• Prompt: With pictures omitted, transcribe exactly the lines from the one containing "Затем натираем любой" to the end of the records below.

• Supplied data:
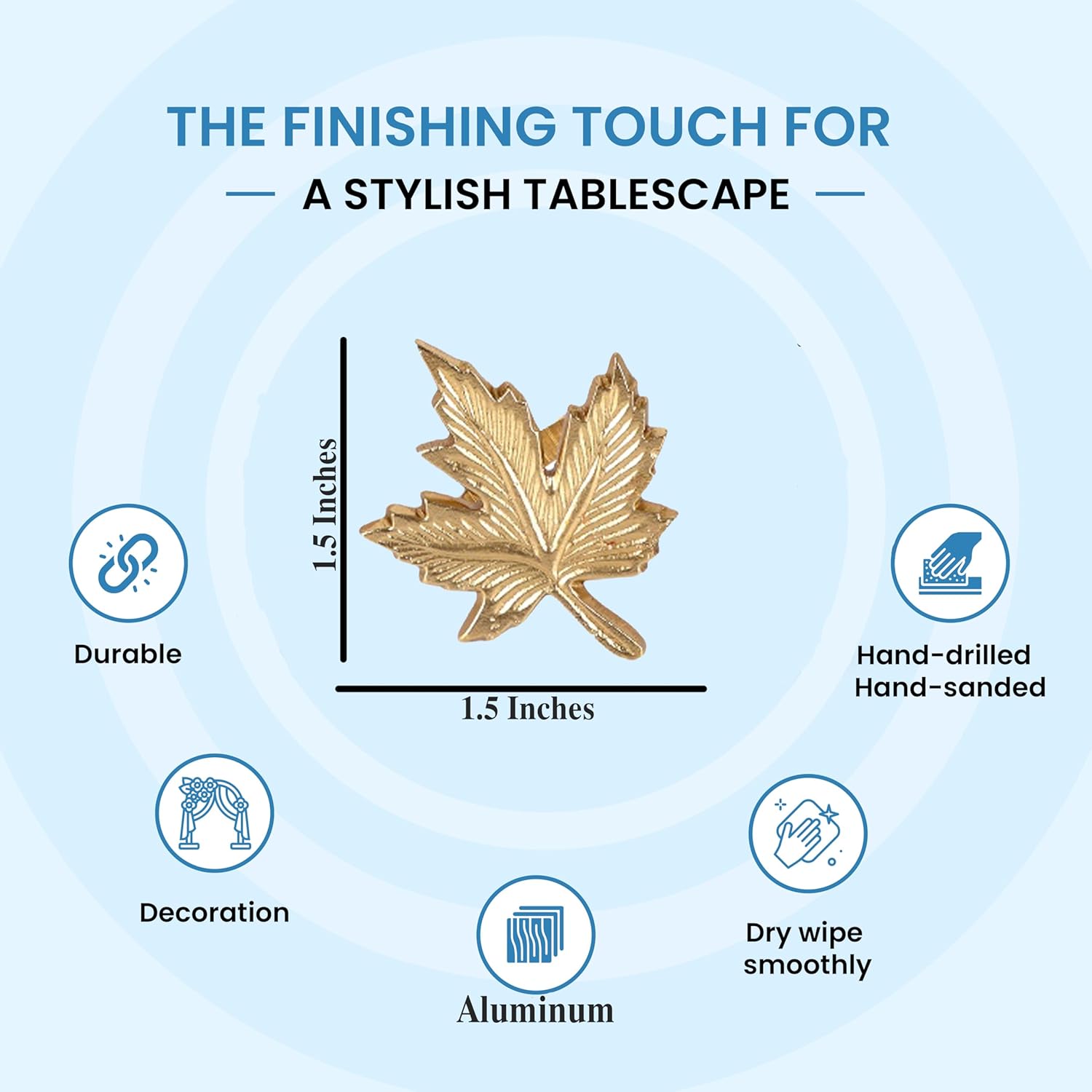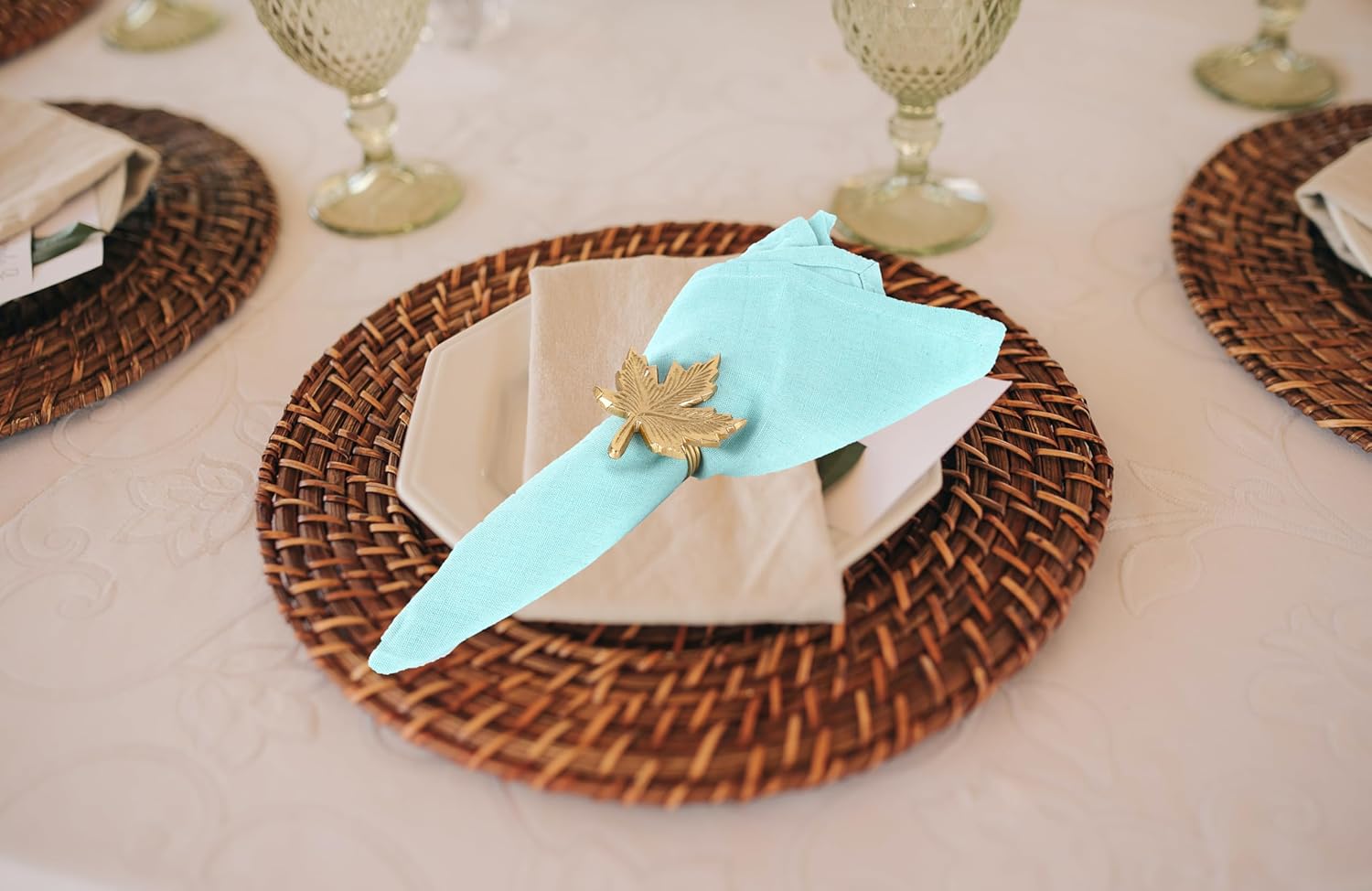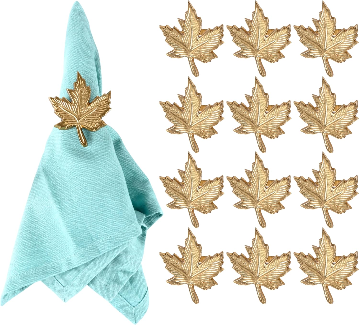 - β SET OF 12 -IDEAL SIZE FOR TABLE SETTINGS & GIFTING: Each gold maple leaf napkin ring measures 1.75 x 2.5 x 3 Inches, designed to fit most standard cloth or paper napkins. Comes in a complete set of 12, ideal for hosting full dinner tables, holiday parties, or autumn gifting.
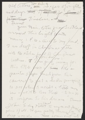 Autograph letter signed. Says she got his letter from Scotland this morning and that she is surrounded by Christmas litter and cookies, and tells that she is taking a little break for a while to get a new perspective. Tells him that she went to her favorite place - a sunny field with blackberries and pines - where she takes off her shoes and stockings and lies down and revels in the beauty there. (This page of a letter was in a folded paper that says on the outside: “Enclosed are parts of letters in Nell’s handwriting. The first pages are missing so the name of the recipient is lost. However, they are signed the way Nell wrote to John, and they were in a package of letters Nell wrote to him.”)
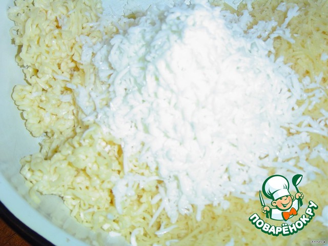 Затем натираем любой твердый сыр и вареные яйца на той же терке.И добавляем мелко нарезанный чеснок.
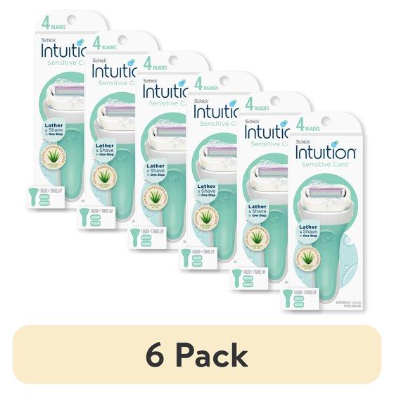 (6 pack) Schick Intuition 4-Blade Sensitive Care Women's Razor Handle Plus 2 Manual Razor Cartridge Refills
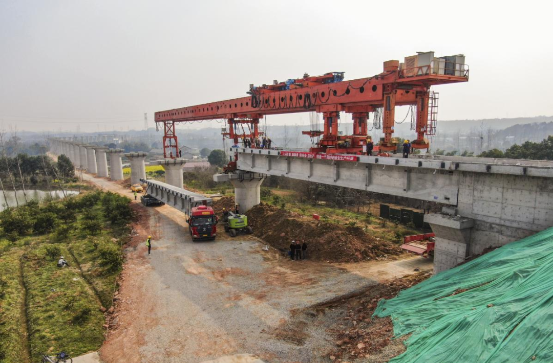 3月13日,宜昌田家河铁路专用线暨邦普配套铁路项目首片T梁架设成功,桥梁工程进入上部结构施工阶段。

• Response to this task:
 Затем натираем любой твердый сыр и вареные яйца на той же терке.И добавляем мелко нарезанный чеснок.
 (6 pack) Schick Intuition 4-Blade Sensitive Care Women's Razor Handle Plus 2 Manual Razor Cartridge Refills
 3月13日,宜昌田家河铁路专用线暨邦普配套铁路项目首片T梁架设成功,桥梁工程进入上部结构施工阶段。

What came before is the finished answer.